What is needed:
Begin at the line below that has "Creme Hoodie slight oversized" and stop after the line that has "L'appartement est situé". Please restate only those lines, word for word.
=== Begin Enclosure ===
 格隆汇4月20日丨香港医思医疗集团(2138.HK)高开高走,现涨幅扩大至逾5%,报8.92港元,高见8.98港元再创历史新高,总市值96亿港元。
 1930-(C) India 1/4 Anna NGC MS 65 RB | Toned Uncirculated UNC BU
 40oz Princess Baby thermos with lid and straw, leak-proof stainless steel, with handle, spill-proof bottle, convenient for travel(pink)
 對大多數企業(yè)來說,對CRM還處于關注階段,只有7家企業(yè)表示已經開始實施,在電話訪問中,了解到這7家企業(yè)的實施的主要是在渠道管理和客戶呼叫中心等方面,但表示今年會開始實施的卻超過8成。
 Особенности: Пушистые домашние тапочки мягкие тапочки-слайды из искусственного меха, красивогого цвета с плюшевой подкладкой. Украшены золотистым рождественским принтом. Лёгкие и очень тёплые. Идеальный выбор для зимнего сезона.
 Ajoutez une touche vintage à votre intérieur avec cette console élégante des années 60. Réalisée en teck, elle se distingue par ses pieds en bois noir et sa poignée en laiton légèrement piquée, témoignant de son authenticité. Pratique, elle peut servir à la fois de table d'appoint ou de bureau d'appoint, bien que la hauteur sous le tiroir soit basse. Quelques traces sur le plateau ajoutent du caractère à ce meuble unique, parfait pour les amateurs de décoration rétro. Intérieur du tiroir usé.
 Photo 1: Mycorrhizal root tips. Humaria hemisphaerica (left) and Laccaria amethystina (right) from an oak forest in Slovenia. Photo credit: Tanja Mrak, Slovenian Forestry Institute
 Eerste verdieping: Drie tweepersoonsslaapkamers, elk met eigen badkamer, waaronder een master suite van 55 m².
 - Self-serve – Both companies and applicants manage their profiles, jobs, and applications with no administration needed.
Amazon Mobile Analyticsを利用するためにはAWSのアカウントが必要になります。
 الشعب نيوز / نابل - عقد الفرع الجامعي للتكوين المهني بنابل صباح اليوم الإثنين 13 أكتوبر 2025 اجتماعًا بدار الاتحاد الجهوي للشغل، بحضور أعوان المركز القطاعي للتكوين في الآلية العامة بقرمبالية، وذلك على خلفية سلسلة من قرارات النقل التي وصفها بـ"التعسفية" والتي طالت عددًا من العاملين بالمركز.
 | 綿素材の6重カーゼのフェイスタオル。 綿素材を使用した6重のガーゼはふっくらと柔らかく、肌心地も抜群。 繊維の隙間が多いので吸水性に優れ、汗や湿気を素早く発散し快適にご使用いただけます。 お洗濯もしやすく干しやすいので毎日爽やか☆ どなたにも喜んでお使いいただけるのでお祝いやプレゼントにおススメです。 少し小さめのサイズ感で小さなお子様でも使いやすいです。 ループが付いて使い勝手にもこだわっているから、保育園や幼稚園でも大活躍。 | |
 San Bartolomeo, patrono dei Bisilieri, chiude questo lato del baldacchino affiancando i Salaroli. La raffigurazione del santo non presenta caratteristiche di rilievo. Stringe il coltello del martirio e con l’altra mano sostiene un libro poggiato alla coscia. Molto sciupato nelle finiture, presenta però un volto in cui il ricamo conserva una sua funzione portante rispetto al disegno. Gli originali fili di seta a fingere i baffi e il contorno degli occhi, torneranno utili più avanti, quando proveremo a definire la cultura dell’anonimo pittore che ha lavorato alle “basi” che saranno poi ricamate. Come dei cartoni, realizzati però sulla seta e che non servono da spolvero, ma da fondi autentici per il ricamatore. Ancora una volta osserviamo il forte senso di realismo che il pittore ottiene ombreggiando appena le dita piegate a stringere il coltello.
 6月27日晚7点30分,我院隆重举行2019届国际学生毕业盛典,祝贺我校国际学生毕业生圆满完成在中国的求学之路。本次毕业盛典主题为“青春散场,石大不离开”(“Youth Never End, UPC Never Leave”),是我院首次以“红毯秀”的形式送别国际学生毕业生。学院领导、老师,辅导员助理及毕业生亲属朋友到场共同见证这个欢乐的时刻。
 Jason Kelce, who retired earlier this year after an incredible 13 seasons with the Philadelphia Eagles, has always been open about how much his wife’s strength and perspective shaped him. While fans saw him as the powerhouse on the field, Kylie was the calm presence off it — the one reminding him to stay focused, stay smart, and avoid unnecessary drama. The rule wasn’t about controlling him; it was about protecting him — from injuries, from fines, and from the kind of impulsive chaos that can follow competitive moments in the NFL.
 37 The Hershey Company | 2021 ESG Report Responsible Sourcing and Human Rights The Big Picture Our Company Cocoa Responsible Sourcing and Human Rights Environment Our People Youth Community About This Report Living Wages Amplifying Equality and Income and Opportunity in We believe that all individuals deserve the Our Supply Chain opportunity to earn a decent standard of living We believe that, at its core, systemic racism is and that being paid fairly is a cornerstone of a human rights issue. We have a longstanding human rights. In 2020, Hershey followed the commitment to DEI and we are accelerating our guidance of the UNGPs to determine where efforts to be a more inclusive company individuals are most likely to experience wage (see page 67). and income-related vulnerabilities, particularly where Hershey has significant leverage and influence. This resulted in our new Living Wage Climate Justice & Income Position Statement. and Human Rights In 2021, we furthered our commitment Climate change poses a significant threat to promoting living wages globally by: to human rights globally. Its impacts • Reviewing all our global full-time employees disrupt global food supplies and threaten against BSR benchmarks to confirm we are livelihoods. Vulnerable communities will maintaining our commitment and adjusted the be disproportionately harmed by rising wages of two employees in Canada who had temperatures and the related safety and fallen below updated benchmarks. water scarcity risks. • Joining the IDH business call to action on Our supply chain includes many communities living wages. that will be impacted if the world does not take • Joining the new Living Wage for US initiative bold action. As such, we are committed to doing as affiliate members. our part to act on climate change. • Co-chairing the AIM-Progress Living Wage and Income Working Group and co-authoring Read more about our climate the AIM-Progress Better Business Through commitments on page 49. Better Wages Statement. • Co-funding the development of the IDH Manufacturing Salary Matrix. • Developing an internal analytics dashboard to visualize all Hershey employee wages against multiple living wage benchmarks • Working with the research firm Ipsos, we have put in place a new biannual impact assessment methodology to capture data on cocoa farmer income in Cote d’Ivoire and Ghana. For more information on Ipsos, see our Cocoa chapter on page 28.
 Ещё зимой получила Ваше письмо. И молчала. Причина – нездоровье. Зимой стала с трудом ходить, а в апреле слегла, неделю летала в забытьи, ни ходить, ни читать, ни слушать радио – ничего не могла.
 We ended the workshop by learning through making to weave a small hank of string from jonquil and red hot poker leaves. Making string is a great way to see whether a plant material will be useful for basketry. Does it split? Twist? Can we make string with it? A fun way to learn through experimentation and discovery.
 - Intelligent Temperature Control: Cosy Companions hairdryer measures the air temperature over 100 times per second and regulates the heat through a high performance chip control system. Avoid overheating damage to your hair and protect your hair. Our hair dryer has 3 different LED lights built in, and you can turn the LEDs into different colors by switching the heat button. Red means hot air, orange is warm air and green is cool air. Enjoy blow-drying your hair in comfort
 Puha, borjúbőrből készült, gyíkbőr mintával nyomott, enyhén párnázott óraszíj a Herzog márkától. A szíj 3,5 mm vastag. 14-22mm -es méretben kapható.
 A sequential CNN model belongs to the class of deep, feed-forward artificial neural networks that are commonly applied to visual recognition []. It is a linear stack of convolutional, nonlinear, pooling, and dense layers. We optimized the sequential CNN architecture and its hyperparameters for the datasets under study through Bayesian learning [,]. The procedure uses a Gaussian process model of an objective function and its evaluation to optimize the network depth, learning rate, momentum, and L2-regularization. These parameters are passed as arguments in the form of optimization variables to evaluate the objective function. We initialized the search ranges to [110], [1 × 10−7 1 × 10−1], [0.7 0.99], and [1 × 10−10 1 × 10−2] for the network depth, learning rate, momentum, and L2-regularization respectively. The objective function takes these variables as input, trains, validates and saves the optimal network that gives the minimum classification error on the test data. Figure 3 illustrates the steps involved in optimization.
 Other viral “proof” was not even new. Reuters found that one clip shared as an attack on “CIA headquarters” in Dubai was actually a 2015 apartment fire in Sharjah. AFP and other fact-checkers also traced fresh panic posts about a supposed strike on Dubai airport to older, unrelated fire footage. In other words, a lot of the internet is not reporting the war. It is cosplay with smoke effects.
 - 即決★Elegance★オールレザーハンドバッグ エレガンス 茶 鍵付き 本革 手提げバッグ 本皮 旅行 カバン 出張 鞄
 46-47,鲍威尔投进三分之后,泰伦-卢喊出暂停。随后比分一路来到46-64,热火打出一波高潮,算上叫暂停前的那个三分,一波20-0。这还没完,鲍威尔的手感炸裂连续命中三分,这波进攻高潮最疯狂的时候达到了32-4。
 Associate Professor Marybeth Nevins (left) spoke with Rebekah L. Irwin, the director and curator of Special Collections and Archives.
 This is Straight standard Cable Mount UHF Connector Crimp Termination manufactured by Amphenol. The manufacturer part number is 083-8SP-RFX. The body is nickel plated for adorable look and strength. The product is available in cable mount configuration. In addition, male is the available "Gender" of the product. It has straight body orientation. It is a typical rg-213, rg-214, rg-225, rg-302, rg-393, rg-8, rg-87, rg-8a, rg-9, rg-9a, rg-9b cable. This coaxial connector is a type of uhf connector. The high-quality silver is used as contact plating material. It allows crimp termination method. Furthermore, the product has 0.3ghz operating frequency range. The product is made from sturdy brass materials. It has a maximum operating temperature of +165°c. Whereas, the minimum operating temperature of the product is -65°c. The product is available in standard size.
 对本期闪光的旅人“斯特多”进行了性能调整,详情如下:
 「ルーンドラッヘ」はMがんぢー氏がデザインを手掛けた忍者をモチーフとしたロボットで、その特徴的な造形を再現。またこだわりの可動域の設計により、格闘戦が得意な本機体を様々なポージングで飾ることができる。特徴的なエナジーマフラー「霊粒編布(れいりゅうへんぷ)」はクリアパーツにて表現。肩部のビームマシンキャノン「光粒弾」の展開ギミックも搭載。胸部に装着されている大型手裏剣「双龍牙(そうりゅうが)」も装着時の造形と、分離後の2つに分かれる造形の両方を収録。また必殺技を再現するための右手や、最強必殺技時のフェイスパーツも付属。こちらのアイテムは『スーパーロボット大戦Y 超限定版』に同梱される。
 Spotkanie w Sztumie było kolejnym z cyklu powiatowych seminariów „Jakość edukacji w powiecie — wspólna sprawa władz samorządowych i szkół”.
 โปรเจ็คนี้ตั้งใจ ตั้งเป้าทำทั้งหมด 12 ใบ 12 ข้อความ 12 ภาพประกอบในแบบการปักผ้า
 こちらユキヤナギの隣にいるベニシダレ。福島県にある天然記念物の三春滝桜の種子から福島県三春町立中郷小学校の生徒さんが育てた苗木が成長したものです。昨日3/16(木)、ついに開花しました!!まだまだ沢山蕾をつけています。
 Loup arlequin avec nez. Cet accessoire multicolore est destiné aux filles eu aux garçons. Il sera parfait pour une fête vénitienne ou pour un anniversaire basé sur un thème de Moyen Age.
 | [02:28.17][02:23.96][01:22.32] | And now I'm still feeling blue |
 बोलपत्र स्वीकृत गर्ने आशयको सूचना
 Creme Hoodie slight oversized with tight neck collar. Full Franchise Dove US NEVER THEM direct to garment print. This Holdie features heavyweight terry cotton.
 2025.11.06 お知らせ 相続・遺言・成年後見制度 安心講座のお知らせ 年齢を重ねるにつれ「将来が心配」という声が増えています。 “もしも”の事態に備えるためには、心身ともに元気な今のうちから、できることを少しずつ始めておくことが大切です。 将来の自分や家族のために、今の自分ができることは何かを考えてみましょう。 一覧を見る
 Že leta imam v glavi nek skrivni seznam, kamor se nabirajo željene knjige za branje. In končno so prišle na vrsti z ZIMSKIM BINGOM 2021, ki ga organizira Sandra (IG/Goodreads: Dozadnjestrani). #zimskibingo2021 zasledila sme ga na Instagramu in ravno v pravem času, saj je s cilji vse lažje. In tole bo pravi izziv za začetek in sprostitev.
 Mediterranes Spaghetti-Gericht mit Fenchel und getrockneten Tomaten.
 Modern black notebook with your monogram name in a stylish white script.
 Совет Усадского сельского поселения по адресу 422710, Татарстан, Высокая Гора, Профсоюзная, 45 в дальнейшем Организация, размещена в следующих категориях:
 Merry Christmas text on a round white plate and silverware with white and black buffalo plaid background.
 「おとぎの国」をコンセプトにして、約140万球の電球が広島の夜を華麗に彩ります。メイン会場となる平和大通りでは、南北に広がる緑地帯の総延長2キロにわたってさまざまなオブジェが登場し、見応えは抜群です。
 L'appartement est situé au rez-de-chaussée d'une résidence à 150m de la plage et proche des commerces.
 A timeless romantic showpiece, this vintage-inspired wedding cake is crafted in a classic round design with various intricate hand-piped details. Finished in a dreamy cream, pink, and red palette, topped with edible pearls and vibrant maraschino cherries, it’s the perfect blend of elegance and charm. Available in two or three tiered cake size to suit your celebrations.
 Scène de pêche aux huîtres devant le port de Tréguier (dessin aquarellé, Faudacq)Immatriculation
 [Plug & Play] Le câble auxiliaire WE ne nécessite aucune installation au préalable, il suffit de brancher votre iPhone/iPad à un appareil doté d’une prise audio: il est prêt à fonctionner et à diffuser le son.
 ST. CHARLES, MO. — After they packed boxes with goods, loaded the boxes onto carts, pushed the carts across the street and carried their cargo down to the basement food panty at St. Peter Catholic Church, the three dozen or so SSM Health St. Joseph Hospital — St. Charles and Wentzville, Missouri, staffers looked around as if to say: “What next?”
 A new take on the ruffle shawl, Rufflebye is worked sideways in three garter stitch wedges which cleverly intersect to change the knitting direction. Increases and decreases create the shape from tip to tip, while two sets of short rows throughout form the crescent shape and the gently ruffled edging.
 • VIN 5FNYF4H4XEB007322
=== End Enclosure ===
Answer space:
 Creme Hoodie slight oversized with tight neck collar. Full Franchise Dove US NEVER THEM direct to garment print. This Holdie features heavyweight terry cotton.
 2025.11.06 お知らせ 相続・遺言・成年後見制度 安心講座のお知らせ 年齢を重ねるにつれ「将来が心配」という声が増えています。 “もしも”の事態に備えるためには、心身ともに元気な今のうちから、できることを少しずつ始めておくことが大切です。 将来の自分や家族のために、今の自分ができることは何かを考えてみましょう。 一覧を見る
 Že leta imam v glavi nek skrivni seznam, kamor se nabirajo željene knjige za branje. In končno so prišle na vrsti z ZIMSKIM BINGOM 2021, ki ga organizira Sandra (IG/Goodreads: Dozadnjestrani). #zimskibingo2021 zasledila sme ga na Instagramu in ravno v pravem času, saj je s cilji vse lažje. In tole bo pravi izziv za začetek in sprostitev.
 Mediterranes Spaghetti-Gericht mit Fenchel und getrockneten Tomaten.
 Modern black notebook with your monogram name in a stylish white script.
 Совет Усадского сельского поселения по адресу 422710, Татарстан, Высокая Гора, Профсоюзная, 45 в дальнейшем Организация, размещена в следующих категориях:
 Merry Christmas text on a round white plate and silverware with white and black buffalo plaid background.
 「おとぎの国」をコンセプトにして、約140万球の電球が広島の夜を華麗に彩ります。メイン会場となる平和大通りでは、南北に広がる緑地帯の総延長2キロにわたってさまざまなオブジェが登場し、見応えは抜群です。
 L'appartement est situé au rez-de-chaussée d'une résidence à 150m de la plage et proche des commerces.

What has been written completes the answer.